If nuclear medicine procedures must be repeated due to extravasation, then surely the additional radiation exposure could be considered a type of harm. Additionally, payors and patients are harmed by the wasted cost of such procedures.

Q3: For medical use licensees, does your facility currently monitor for radiopharmaceutical extravasation? If so, why and how do you monitor? If not, why not?

N/A

Q4: Do you expect that monitoring for extravasation and reviewing the results would improve radiopharmaceutical administration techniques at medical use licensee facilities? If so, how? If not, why not?

Monitoring a process is the first step in understanding and improving the process.

Use of quality improvement processes has already been proven to reduce the frequency of extravasation in chemotherapy and contrast CT injections/infusions.

In 2019, the world’s largest nuclear medicine injection quality improvement project was published.
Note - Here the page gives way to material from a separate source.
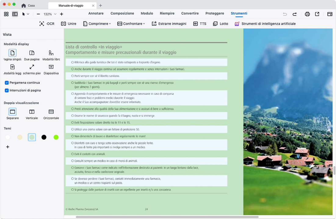Offre molteplici modalità di visualizzazione: pagina singola, due pagine, modalità libro o modalità lettura. Sperimenta un comfort di lettura migliorato con lo scorrimento fluido delle pagine e temi preimpostati, cambia lo sfondo da chiaro, seppia, scuro, reseda, ecc. per alleviare l'affaticamento degli occhi. Supporta la sintesi vocale, così puoi scegliere di ascoltare i file PDF quando sei stanco di leggere, sono supportate oltre 50 lingue.

It demonstrated that nuclear medicine centers who follow a quality improvement process significantly improved their extravasation rates.

The Mammography Quality Standards Act (MQSA) that Congress passed in the 1990’s ensured monitoring and improved mammography quality. The extravasation issue is no different.
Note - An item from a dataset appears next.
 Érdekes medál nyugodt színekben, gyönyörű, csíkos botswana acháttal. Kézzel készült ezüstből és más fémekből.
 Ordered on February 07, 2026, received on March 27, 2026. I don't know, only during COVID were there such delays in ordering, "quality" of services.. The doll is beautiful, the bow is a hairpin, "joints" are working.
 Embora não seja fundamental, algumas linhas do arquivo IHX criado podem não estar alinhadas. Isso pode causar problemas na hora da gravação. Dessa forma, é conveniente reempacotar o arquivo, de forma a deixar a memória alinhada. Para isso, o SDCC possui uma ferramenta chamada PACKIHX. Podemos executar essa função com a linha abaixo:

Q5: Do you believe an NRC regulatory action requiring monitoring and review of extravasation would improve patient radiological health and safety? If so, how? If not, why not?
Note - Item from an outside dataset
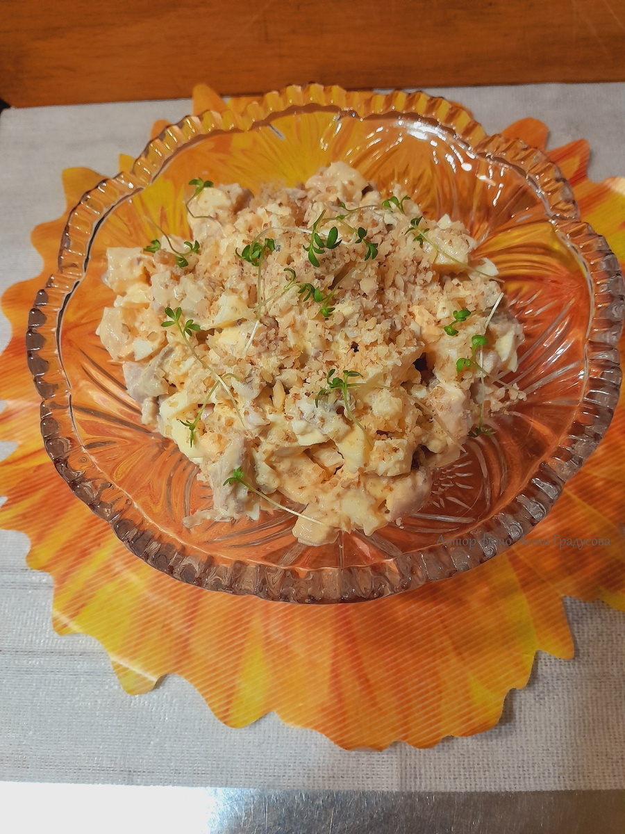 Все эти ингредиенты аккуратно соединить в глубокой миске, добавить соль и перец по вкусу, заправить майонезом и тщательно перемешать. Для завершения можно посыпать мелко нарубленными грецкими орехами. Их можно как оставить сверху для украшения, так и вмешать в салат, чтобы добавить текстуру и вкус.

Regulatory action and public reporting will drive quality improvement efforts that will lead to reduced frequency.

50 peer-reviewed publications indicate how extravasation can negatively affect patient images and ensuing care. Reducing extravasations will reduce these negative effects.

The nuclear medicine community has stated that irradiating patient tissue with 1.0 Sv dose equivalent leads to adverse tissue reactions. Reducing extravasations will reduce the number of patients suffering from adverse tissue reactions.

NRC Topic: Medical Event Classification and Reporting Criteria

Q1: Are there any benefits, not related to medical techniques, to monitoring and reporting certain extravasations as medical events? What would be the burden associated with monitoring for and reporting certain extravasations as medical events?

Public awareness of which nuclear medicine centers are performing high quality injections will lead to more patients choosing these facilities and their higher quality care.

Preventing extravasation in the future would reduce overall health care spending. Neither payers nor members should have to pay for procedures that were not performed properly or for expensive improper treatments that are based on compromised imaging or for the incomplete delivery of radiotherapies.

Q2: If the NRC were to require that licensees report certain extravasations as medical events (recorded in NMED), what reporting criteria should be used to provide the NRC data that can be used to identify problems, monitor trends, and ensure that the licensee takes corrective action(s)?

The NRC should collect similar data to that collected for other medical events. Extravasations that exceed 0.5 Sv to tissue should be reported.

The ratio of significant extravasations to administrations would provide important information for understanding how a facility administers radioactive material. Centers that are not improving their reportable extravasation ratio should warrant closer scrutiny by the NRC.

Q3: If the NRC requires reporting of extravasations that meet medical event reporting criteria, should a distinction be made between reporting extravasations of diagnostic and therapeutic radiopharmaceuticals? If so, why? If not, why not?

It does not matter to a patient whether the high dose from an extravasation results from a diagnostic or therapeutic radiopharmaceutical.

The petition cites many cases of diagnostic extravasation which exceeded 0.5 Sv to tissue and references many therapeutic extravasations that must have exceeded the reporting limit. Both should be reported.